Showing posts with label communication. Show all posts
Showing posts with label communication. Show all posts

Thursday, December 29, 2016

Peter Drucker on Communication #2

2. Communication is expectation. We see/hear largely what we expect to see/hear. The unexpected is usually not received or it is ignored or misunderstood. The human mind attempts to fit impressions and stimuli into a framework of expectations. It resists vigorously any attempt to make it “change its mind,” that is, perceive what it doesn’t expect to perceive.

Before we can communicate, we must know what the recipient expects to see/hear. Only then can we know whether there is a need for an “awakening” that breaks through the recipient’s expectations and forces him to realize that the unexpected is happening.

3. Communication makes demands. It demands that the recipient become somebody, do something, or believe something. In other words, if communication fits with the beliefs, aspirations, values, or purpose of the recipient, it is powerful. If it goes against them, it is likely not to be received or be resisted. At its most powerful, communication affects a change of beliefs, aspirations, values, or purpose.

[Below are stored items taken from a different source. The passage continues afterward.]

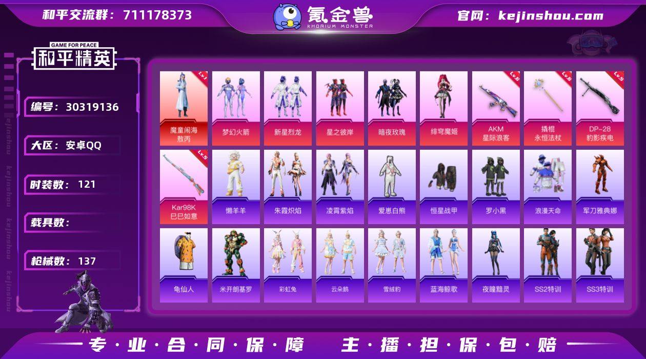 安卓 手Q-1神装-5粉装-4特效枪-0载具-0粉色飞行器-45481热力值-8王牌印记-121套装-137枪皮 【红色神装等级】:魔童闹海-敖丙(一级) 【红色角色神装】:魔童闹海-敖丙 【热门品类】:粉装-梦幻火箭,套装-浪漫天命,角色-军刀雅典娜,套装-龟仙人 【粉色套装】:粉装-梦幻火箭,粉装-新星烈龙,粉装-星之彼岸,粉装-暗夜玫瑰,角色-绯穹魔姬 【粉色枪皮等级】:AKM-星际浪客(六级),Kar98K-巳巳如意(五级),DP-28-豹影疾电(五级),撬棍-永恒法杖(六级) 【粉色枪皮】:AKM-星际浪客,Kar98K-巳巳如意,DP-28-豹影疾电,撬棍-永恒法杖 【粉色降落伞】:梦幻火箭降落伞,星之彼岸降落伞,环太平洋降落伞,彩虹甜喵降落伞,未来歌姬降落伞,星穹咏叹调降落伞,冷漠罗丽降落伞,绯穹魔姬降落伞,魔童闹海 敖丙降落伞 【稀有套装】:套装-龟仙人,套装-雪国风尚,角色-米开朗基罗,套装-彩虹兔,套装-云朵鹅,套装-雪绒豹,套装-蓝海鲸歌,角色-夜瞳黯灵,套装-朱霞炽焰,套装-凌霄紫焰,玩偶服-懒羊羊 【稀有枪皮】:AKM-四圣焕新,AKM-彩虹符号,AKM-星之彼岸,AKM-环太平洋,AKM-生命誓言,AKM-百万伏特,AKM-霓虹街区,M16A4-幻世战舞者,M16A4-红色方程式,M16A4-蓝色火焰,SCAR-L-幽秘魅影,SCAR-L-炫彩节奏,SCAR-L-红色方程式,M416-红色方程式,M416-蓝色火焰,M416-魔法学院,GROZA-懵萌河马,AUG-耀粉歌者,AUG-黑白懵懵牛,QBZ-彩虹符号,M762-天降萌叽,M762-彩虹符号,M762-牛气冲天,M762-绯红前夜,M762-云朵鹅,G36C-懵萌河马,AC-VAL-天降萌叽,蜜獾-天降萌叽,蜜獾-绯穹魔姬,ARX-凌霄紫焰,UZI-幽秘魅影,UZI-影袭,UMP45-夜灯,UMP45-涂山之恋,UMP45-生命誓言,UMP45-蓝色火焰,Vector-彩虹符号,Vector-生命誓言,JS9-凌霄紫焰,P90-巳巳如意,Kar98K-彩虹符号,Kar98K-梦幻火箭,Kar98K-王子的夏...
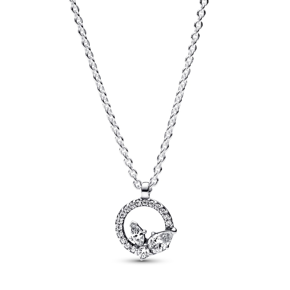 Haz que miren dos veces con nuestro Collar Círculo y Herbario Brillante. Fabricada en plata de ley, esta joya única se inspira en las formas naturales de los pétalos y las hojas prensadas. El colgante tiene un círculo calado con un conjunto de circonitas cúbicas en la mitad inferior en forma de pera y talla marquesa, con una gema redonda brillante en el centro. Este elegante collar, que se puede ajustar a dos longitudes, es un recordatorio de la belleza de la naturaleza y de su capacidad para sorprender y deleitar. Llévalo solo o combinado con otros brillos inspirados en la naturaleza para conseguir un estilo más llamativo.
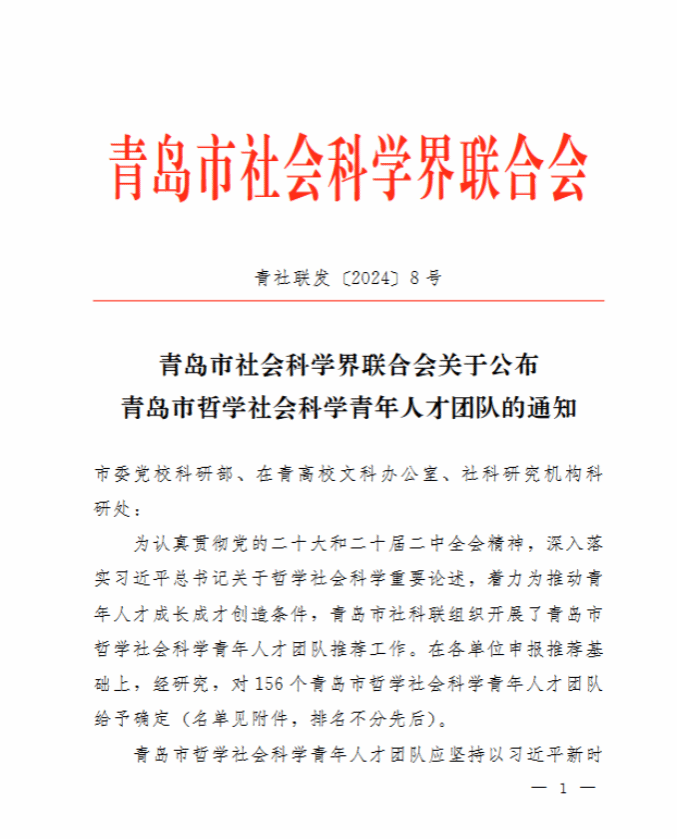 近日,青島市社會科學(xué)界聯(lián)合會公布了青島市哲學(xué)社會科學(xué)青年人才團(tuán)隊立項情況,我校申報的“上合地方經(jīng)貿(mào)示范區(qū)法律與產(chǎn)業(yè)發(fā)展政策研究創(chuàng)新團(tuán)隊”“青島紅色文化資源數(shù)字化傳承與創(chuàng)新團(tuán)隊”“中國傳統(tǒng)文化研究創(chuàng)新團(tuán)隊”獲批立項。
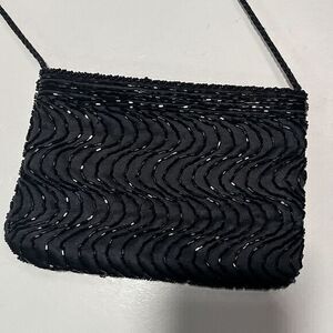 Black Beaded Formal Evening Bag Small Rectangle Crossbody purse Carla Marchi. Shipped with USPS Ground Advantage.
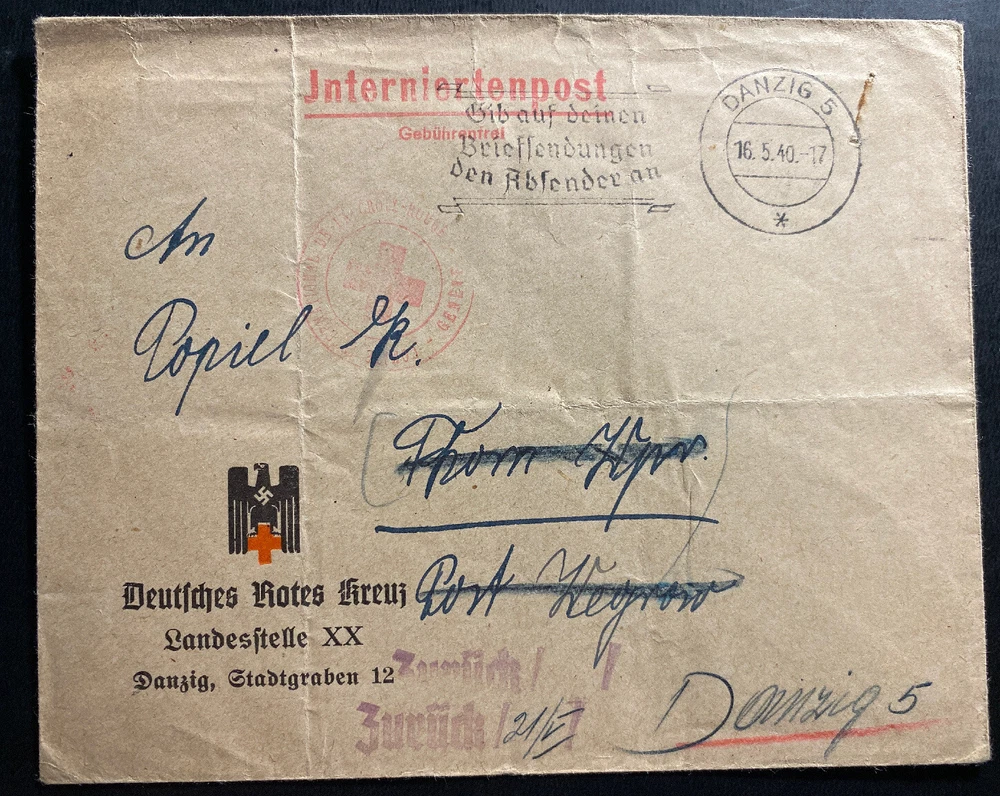Up for auction is a beautiful official Free Postage Cover From The German Red Cross Danzig Internee mail locally used . postmarked in May 16, 1940 . Cover is in good condition . Great deal at a great price. Nice stamps marks & cancels. *** For storage & shipping purposes the description page has been removed you only will get the cover ***

4. Communication and information are different and indeed largely opposite—yet interdependent. Where communication is perception, information is logic. The more information can be freed of the human component – of emotions, values, perceptions, and expectations – the more valid and reliable it becomes. Information is always encoded. To be received, let alone be used, the code must be known and understood by the recipient.

Similar to my comment in #1, I don’t entirely agree with this. I believe his ideas about many other things are stronger, and plan to make several more posts about them. 

Tuesday, December 27, 2016

Peter Drucker on Communication #1

Peter Drucker (1909-2005) was a management consultant, educator and author (Wikipedia).  I read several of his books many years ago. He was philosophical yet practical about business. He had many insights. One of them was Management:Tasks, Responsibilities, Practices (1973). I recently recalled he had written about communication.

His four fundamentals of communications are:
1. Communication is perception.
2. Communication is expectation.
3. Communication makes demands.
4. Communication and information are different and indeed largely opposite—yet interdependent.

In this post I will only expand on the first one.

“Is there a sound in the forest if a tree falls and no person hears it?” The correct answer is: No. There are sound waves, but no sound unless someones perceives it. Drucker makes this a segue to communication.

It is the recipient who communicates. The so-called communicator, the one who emits the communication, does not communicate. He utters. Unless there is someone who hears, there is no communication. There is only noise.

Perception isn’t logic. It is experience. The “silent language” of gestures, tone of voice, and the context – including cultural and social referents – can not be dissociated from what is said.

One can communicate only in the recipient’s language or his terms, using terms that relate to his experience. The connection between experience, perception, and concept formation – that is, cognition – is much subtler and richer than earlier philosophers imagined.

Fanatics aren’t convinced by rational arguments, because they do not have the ability to perceive a communication that goes beyond their range of emotions.

I believe Drucker's description of the recipient is correct in general, but I personally wouldn't say it is only the recipient who communicates. I think it's a two-way thing. Maybe he had this one-way view due to his work with higher-level managers. Indeed, he writes later in the same chapter about downward communication from managers to subordinates. He writes: [A]ll one can communicate downwards are commands, that is, prearranged signals. One cannot communicate downward anything connected with understanding, let alone motivation." That doesn't sound fully real to me. For example, what about communicating between peers from different work areas? Teachers and students? Client and consultant?